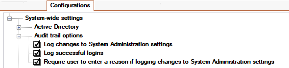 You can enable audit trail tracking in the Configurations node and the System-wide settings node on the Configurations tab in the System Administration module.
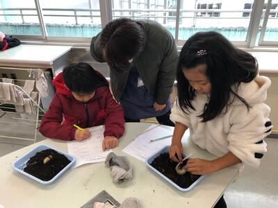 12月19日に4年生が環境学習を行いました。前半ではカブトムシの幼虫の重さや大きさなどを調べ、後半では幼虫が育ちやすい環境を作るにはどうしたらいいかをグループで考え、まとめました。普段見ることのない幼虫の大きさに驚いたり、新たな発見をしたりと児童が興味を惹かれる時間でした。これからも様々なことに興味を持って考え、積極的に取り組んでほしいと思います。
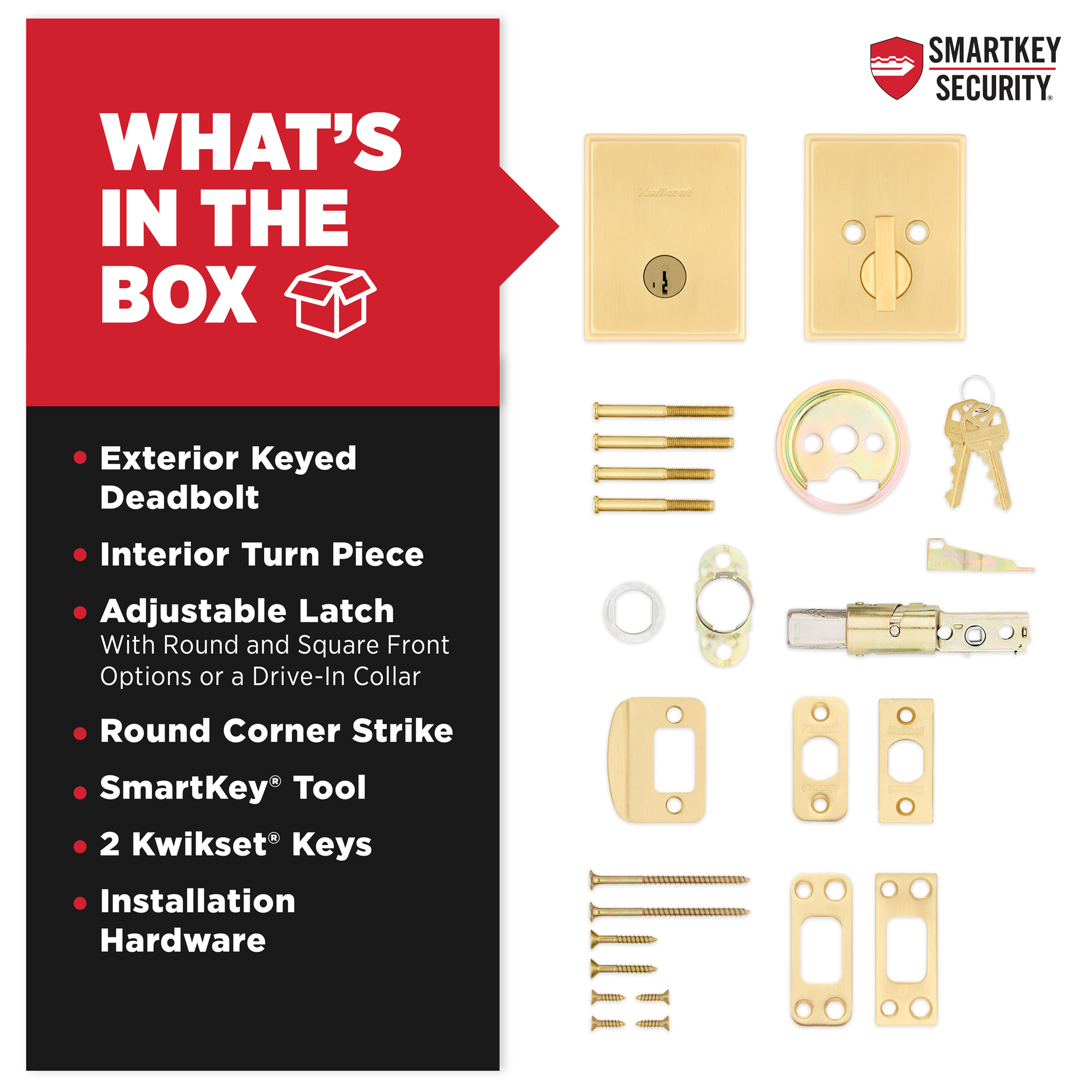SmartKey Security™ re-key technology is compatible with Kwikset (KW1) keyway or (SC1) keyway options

---

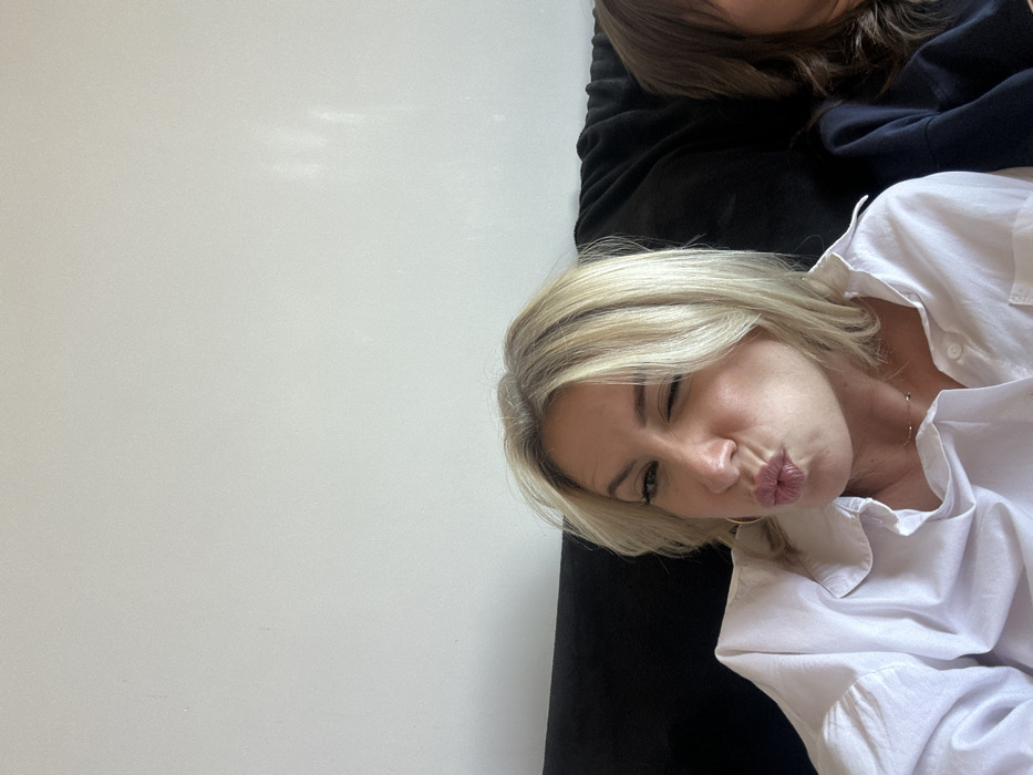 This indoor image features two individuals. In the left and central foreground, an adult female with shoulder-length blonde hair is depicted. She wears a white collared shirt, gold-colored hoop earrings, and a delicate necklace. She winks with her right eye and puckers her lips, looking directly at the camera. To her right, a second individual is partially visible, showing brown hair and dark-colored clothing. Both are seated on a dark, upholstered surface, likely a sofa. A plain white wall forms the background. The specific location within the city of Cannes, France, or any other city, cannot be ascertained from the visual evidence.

## Exercise requirements
Extract, without any images, the part of the material above that opens with the line containing "12月19日に4年生が環境学" and closes with the line containing "SmartKey Security™ re-key", both lines included.

## Solved problem
 12月19日に4年生が環境学習を行いました。前半ではカブトムシの幼虫の重さや大きさなどを調べ、後半では幼虫が育ちやすい環境を作るにはどうしたらいいかをグループで考え、まとめました。普段見ることのない幼虫の大きさに驚いたり、新たな発見をしたりと児童が興味を惹かれる時間でした。これからも様々なことに興味を持って考え、積極的に取り組んでほしいと思います。
SmartKey Security™ re-key technology is compatible with Kwikset (KW1) keyway or (SC1) keyway options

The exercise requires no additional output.